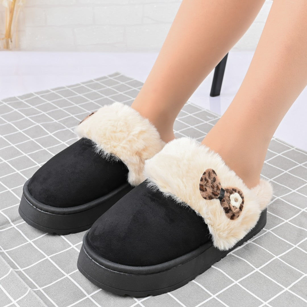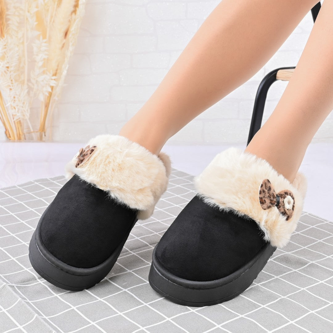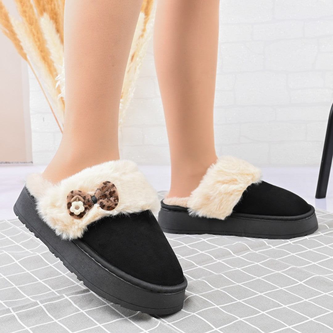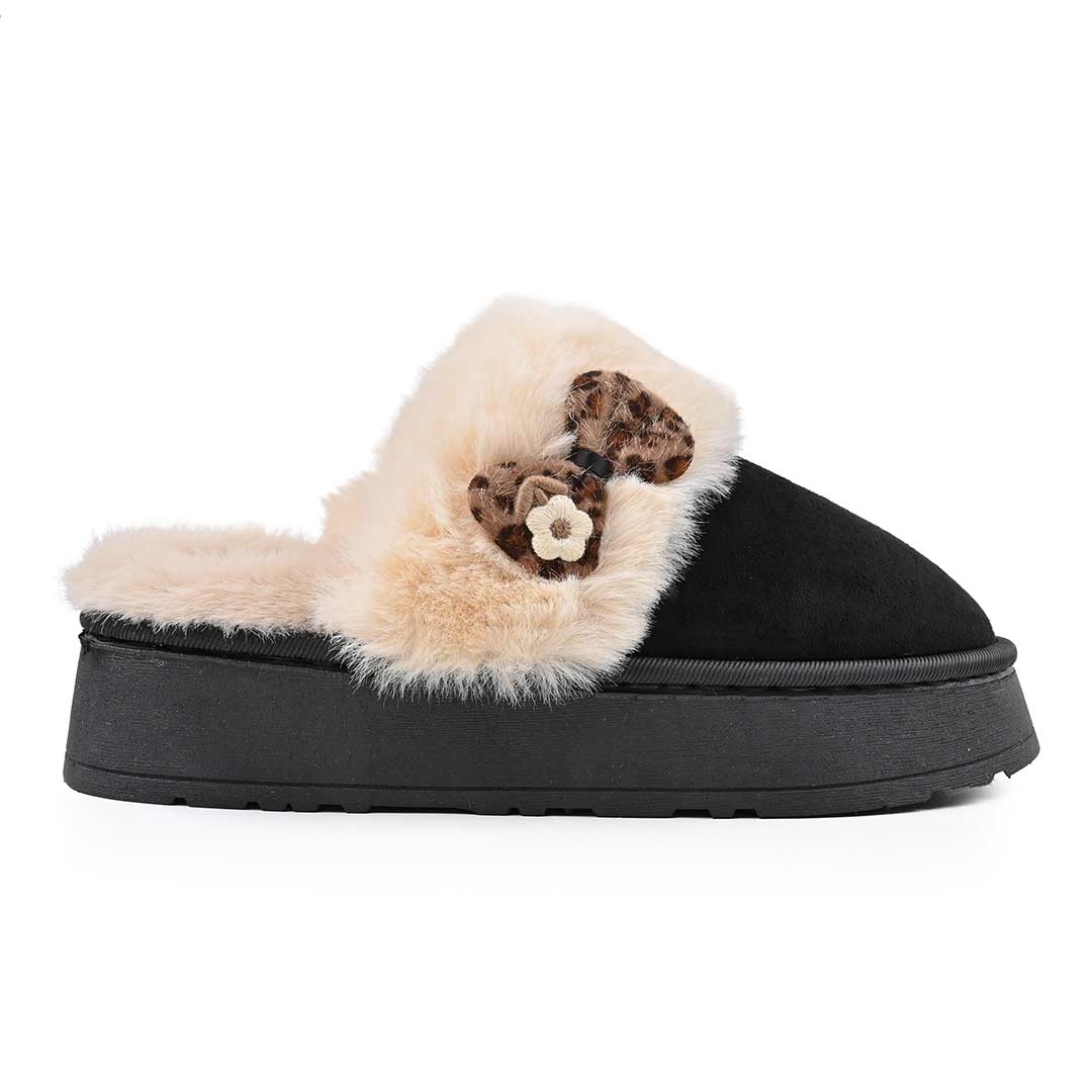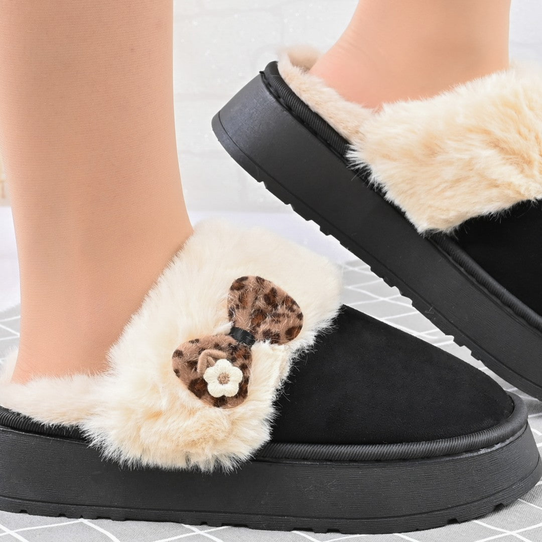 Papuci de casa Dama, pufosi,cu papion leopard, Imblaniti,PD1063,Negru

...

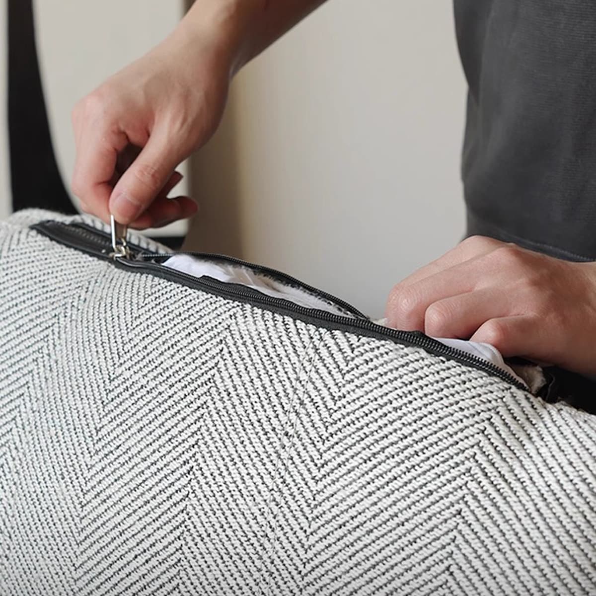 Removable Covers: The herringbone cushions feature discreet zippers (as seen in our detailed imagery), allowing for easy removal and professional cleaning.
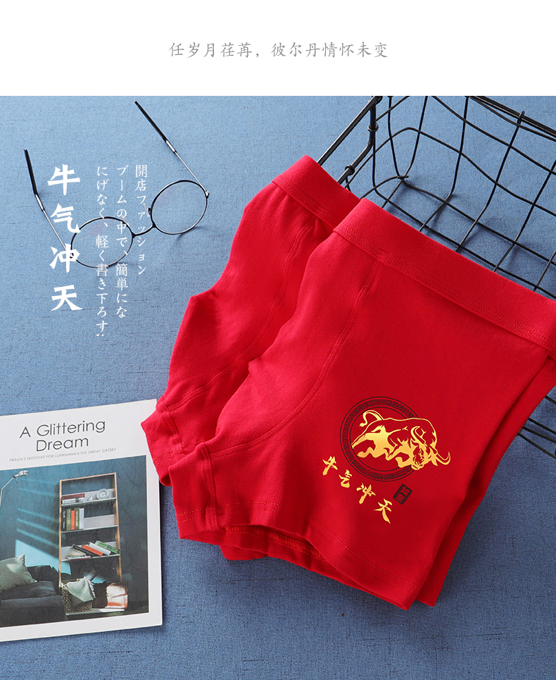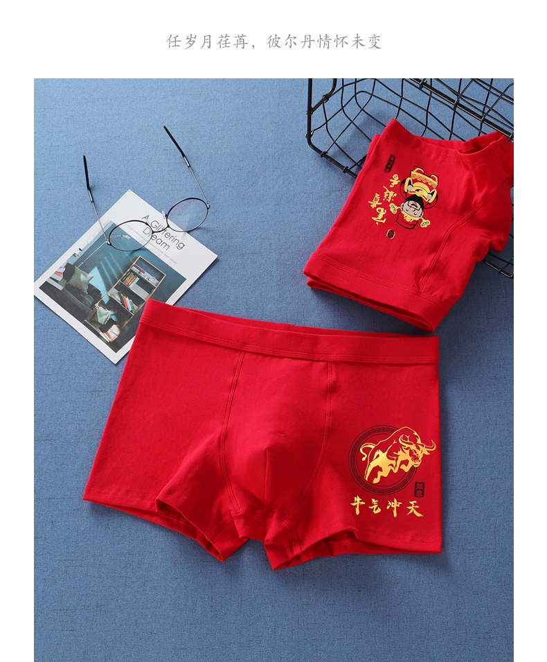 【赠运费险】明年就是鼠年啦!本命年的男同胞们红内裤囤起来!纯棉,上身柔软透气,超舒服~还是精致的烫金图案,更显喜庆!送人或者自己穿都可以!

* * *

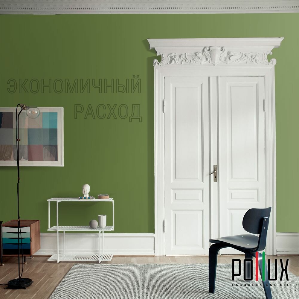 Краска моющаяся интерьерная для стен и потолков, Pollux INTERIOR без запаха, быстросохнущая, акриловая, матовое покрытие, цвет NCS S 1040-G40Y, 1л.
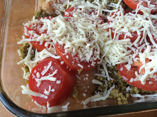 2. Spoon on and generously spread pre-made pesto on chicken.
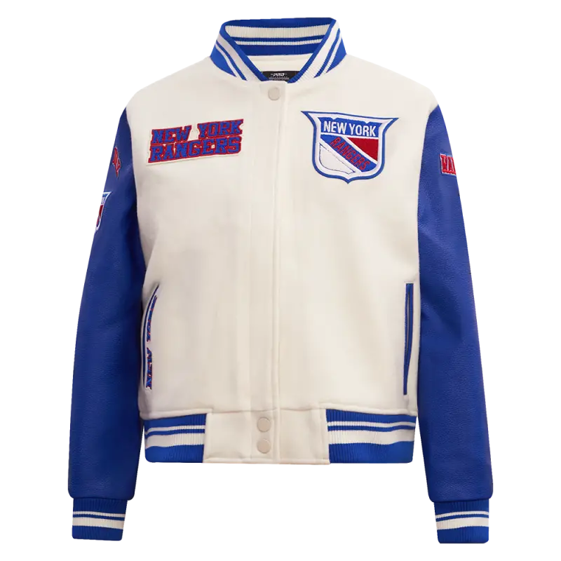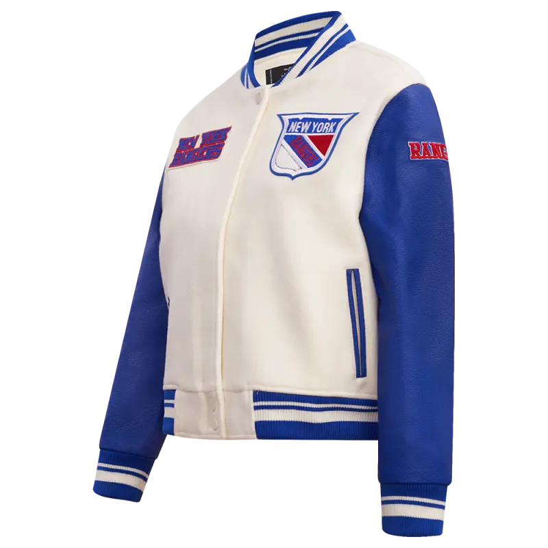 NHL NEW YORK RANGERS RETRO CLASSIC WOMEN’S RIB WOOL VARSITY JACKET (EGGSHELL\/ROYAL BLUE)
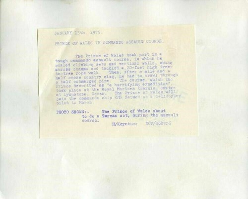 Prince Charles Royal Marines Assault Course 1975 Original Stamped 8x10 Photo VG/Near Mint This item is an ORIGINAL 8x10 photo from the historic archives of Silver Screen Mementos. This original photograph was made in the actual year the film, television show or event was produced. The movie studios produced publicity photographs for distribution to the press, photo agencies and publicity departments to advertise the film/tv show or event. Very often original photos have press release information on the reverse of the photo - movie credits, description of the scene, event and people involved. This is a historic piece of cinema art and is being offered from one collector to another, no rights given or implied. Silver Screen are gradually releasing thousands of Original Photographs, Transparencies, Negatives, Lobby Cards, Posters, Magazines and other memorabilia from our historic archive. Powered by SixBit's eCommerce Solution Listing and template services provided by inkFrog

HOW TO COMPLETE THIS TASK:
How would the lines above read from the one with "NHL NEW YORK" to the one with "Prince Charles Royal", inclusive, with no pictures? Write them out exactly.

RESPONSE FOR THIS EXERCISE:
 NHL NEW YORK RANGERS RETRO CLASSIC WOMEN’S RIB WOOL VARSITY JACKET (EGGSHELL\/ROYAL BLUE)
 Prince Charles Royal Marines Assault Course 1975 Original Stamped 8x10 Photo VG/Near Mint This item is an ORIGINAL 8x10 photo from the historic archives of Silver Screen Mementos. This original photograph was made in the actual year the film, television show or event was produced. The movie studios produced publicity photographs for distribution to the press, photo agencies and publicity departments to advertise the film/tv show or event. Very often original photos have press release information on the reverse of the photo - movie credits, description of the scene, event and people involved. This is a historic piece of cinema art and is being offered from one collector to another, no rights given or implied. Silver Screen are gradually releasing thousands of Original Photographs, Transparencies, Negatives, Lobby Cards, Posters, Magazines and other memorabilia from our historic archive. Powered by SixBit's eCommerce Solution Listing and template services provided by inkFrog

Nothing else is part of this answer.